What always helped me when trying to understand such code was to:
Clean up the C code. In this case it means:
Mentally tracing the initialization and rewriting to static initialization, so you see what the values look like:
int x[25] = { 0, 1, 2, 3, 4, 5, 6, 7, 8, 9, 10, 11, 12,
13, 14, 15, 16, 17, 18, 19, 20, 21, 22, 23, 24 };
Getting rid of the useless assignment to i and x so you have the initial call in plain sight.
Rewrite the function to mathematical notation, pseudocode or even human laguage.
f(p, q, array) = larger of f(p, q/2, array) and f(p+q/2+1, q/2, array)
if you continue a little bit further in using human language, you'll clearly see what is was supposed to do.
Now I said "was supposed to do" on purpose.

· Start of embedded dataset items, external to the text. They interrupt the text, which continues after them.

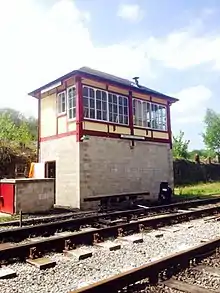• Matlock Riverside: an original British Rail cabin, formerly located at Luffenham junction. The restored cabin is mounted on a non prototypical stone-block base with an internal staircase to protect the box from vandalism, required due to its isolated location. The 19-lever frame was recovered from Glendon North Junction near Kettering. Mechanical interlocking allows the signals exiting and entering the loop via the Darley Dale end to be cleared in opposing directions when the cabin is switched out via the King locking lever.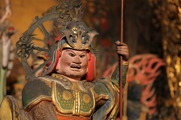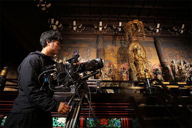 仁和寺の観音堂の内部です。映像が高精細になればなるほど細部の表現力がアップするので、本尊千手観音菩薩をはじめ、立ち並ぶ三十三体の仏像のディテールを忠実に、奥行き感をもって描けたと思います。また壁面など堂内に描かれた障壁画も細かいところまで記録できました。今回は地上波なのでフルHDに変換しての放送となりますが、それでも8K撮影の精細感や立体感は感じられるのではと思います。![]()
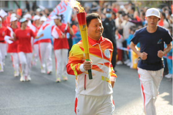迎着清风,踏着朝阳,刘彪文早早来到61号点位进行暖场,并与热情的市民合影,传播运动的快乐。9时许,火炬传递来到61号点位,刘彪文点燃火炬接力火种,以饱满的激情、昂扬的姿态助跑传递,并不时向道路两旁呐喊助威的市民挥手致意,顺利将省运会火炬传递到下一棒火炬手手中。

The (p, q/2) and (p+q/2+1, q/2) look like the first and second half... except they are not.
The code is supposed to return 24, but it's totally wrong and the stacks quoted in the question actually prove it. The m2 stack contains as last point "f1(27, 0, a)" and that invocation is going to do a[27], but the array only has 25 elements! (by pure chance the memory above was probably 0-initialized, so it did return the 24, but if it was initialized by some debug pattern instead (I've seen 0xdeadbeef, 0xa5a5a5a5 and 0xcccccccc), it would return that).
In C it's by design (and C++ uses them everywhere) easiest to use half-open intervals. [start, one-past-end) or start+length, which convert to each other nicely. However here the function gets (start, length-1) and treats it inconsistently inside.
As a student, you have to be able to understand such code, because you'll meet lots of crappy unreadable bug ridden code that only works by accident in the wild. But if you ever present something like this, you will rightfully fail the exam.
Here you can't think of an m1 stack and an m2 stack as non-terminating calls to f1 result in an m1 and an m2 recursive call.
To analyze what's happening try it for a small value of p and q.
f1( 0, 1, a)
m1 = f1( 0, 0, a); /* q/2 == 1/2 == 0 */
/* q now 0 so return a[0] */
m2 = f1( 1, 0, a);
/* q now 0 so return a[1] */
overall result the larger of a[0] and a[1].
Now try it for f1( 0, 2, a) and so on, till you see what's happening.